Q690C is a high-strength low-alloy (HSLA) structural steel plate/material specified under the Chinese National Standard GB/T 1591. The designation breaks down as follows:
Q: "Qu" (屈), meaning Yield Strength.
690: Minimum Yield Strength in MPa (690 MPa).
C: Quality Class, specifically indicating the required impact toughness (Charpy V-notch) at 0°C.
Here are its key properties:
Chemical Composition:
Higher Alloy Content: Compared to lower grades like Q460D, Q690C typically contains higher levels of strengthening elements like Manganese (Mn), Chromium (Cr), Molybdenum (Mo), Nickel (Ni), Vanadium (V), Niobium (Nb), and Titanium (Ti). Carbon (C) is still controlled but might be slightly higher than Q460D.
Typical Max Limits (refer to specific mill certs for exacts):
Carbon (C): ≤ 0.20%
Silicon (Si): ≤ 0.80%
Manganese (Mn): ≤ 2.00% (often higher than Q460D)
Phosphorus (P): ≤ 0.025% (Very low for weldability & toughness)
Sulfur (S): ≤ 0.015% (Very low for weldability & toughness)
Alloying Elements: Significant additions of Cr, Ni, Mo, V, Nb, Ti, B (Boron) are common. Specific limits vary by producer and thickness.

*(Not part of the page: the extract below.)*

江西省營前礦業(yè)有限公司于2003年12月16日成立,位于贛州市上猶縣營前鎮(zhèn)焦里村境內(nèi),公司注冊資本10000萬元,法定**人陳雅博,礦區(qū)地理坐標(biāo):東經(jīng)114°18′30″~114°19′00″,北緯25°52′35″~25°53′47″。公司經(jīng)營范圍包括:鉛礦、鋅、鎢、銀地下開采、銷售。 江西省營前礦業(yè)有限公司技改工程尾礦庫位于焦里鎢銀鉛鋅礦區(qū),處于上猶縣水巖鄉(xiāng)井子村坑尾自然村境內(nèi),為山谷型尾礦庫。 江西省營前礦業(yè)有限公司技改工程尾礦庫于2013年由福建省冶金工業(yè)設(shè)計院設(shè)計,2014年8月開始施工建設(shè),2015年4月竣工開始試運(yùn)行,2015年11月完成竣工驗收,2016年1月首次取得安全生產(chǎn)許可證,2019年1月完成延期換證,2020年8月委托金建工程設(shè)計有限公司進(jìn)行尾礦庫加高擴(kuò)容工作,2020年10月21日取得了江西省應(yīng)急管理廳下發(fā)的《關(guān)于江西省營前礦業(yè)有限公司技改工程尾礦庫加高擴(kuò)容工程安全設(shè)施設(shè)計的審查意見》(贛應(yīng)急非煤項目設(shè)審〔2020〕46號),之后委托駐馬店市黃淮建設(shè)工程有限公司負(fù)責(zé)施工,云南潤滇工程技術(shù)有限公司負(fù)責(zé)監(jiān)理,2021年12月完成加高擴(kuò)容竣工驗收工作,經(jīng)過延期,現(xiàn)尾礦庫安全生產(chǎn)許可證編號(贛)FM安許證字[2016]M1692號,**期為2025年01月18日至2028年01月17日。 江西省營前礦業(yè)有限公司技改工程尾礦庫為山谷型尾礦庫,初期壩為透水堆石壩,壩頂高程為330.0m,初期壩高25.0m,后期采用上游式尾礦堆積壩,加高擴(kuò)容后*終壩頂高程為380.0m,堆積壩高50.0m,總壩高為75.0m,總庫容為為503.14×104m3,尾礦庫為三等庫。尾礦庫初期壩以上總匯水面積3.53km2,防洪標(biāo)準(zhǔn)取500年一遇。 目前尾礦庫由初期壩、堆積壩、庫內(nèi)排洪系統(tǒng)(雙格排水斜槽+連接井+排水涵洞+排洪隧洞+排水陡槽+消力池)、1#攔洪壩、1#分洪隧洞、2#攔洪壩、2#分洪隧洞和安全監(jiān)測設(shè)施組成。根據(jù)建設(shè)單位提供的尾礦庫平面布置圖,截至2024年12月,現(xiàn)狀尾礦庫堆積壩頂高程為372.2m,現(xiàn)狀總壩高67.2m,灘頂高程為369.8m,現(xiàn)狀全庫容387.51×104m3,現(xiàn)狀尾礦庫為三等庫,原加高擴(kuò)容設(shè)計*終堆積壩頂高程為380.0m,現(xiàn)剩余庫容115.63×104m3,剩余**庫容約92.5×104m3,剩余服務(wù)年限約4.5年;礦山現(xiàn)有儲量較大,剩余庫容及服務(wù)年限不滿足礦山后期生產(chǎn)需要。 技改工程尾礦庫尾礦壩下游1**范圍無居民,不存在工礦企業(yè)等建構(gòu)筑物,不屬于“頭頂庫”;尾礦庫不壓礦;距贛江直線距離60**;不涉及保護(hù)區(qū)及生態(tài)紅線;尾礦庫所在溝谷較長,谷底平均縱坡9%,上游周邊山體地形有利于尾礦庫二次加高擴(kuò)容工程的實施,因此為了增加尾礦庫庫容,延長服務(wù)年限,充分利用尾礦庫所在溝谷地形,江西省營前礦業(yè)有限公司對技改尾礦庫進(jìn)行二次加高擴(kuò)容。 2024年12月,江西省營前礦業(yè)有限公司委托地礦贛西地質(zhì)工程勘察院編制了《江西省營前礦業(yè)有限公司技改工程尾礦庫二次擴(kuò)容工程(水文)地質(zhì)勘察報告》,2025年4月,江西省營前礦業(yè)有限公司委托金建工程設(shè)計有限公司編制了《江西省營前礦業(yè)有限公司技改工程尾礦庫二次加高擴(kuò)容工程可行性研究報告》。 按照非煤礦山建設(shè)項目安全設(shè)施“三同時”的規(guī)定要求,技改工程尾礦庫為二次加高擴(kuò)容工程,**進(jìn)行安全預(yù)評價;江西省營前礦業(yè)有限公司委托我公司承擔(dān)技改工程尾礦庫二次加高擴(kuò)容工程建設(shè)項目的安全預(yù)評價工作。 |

Carbon Equivalent (CEV/Pcm): Significantly higher than Q460D due to the increased alloy content required for the higher strength. This is a critical factor affecting weldability and requiring strict procedures.
Mechanical Properties:
Yield Strength (ReH): ≥ 690 MPa (Minimum guaranteed at room temp). This is substantially higher than Q460D (460 MPa).
Tensile Strength (Rm): Typically between 770 MPa to 940 MPa.
Elongation (A5): Minimum values specified (e.g., ≥ 14% for plates t ≤ 16mm). Lower elongation than Q460D is typical due to the much higher strength.
Impact Toughness (KV2 @ 0°C): This is the defining property for grade "C". Minimum average absorbed energy per specimen at 0°C is specified (e.g., ≥ 34J or 47J, depending on thickness/sub-grade). Good toughness, but the test temperature requirement is less stringent than Q460D (-20°C).
Delivery Conditions: Achieving the high strength of Q690C requires specific processing:
Quenching and Tempering (Q+T): This is the most common and reliable method for Q690C, especially for thicker plates. Provides excellent strength, toughness, and through-thickness properties.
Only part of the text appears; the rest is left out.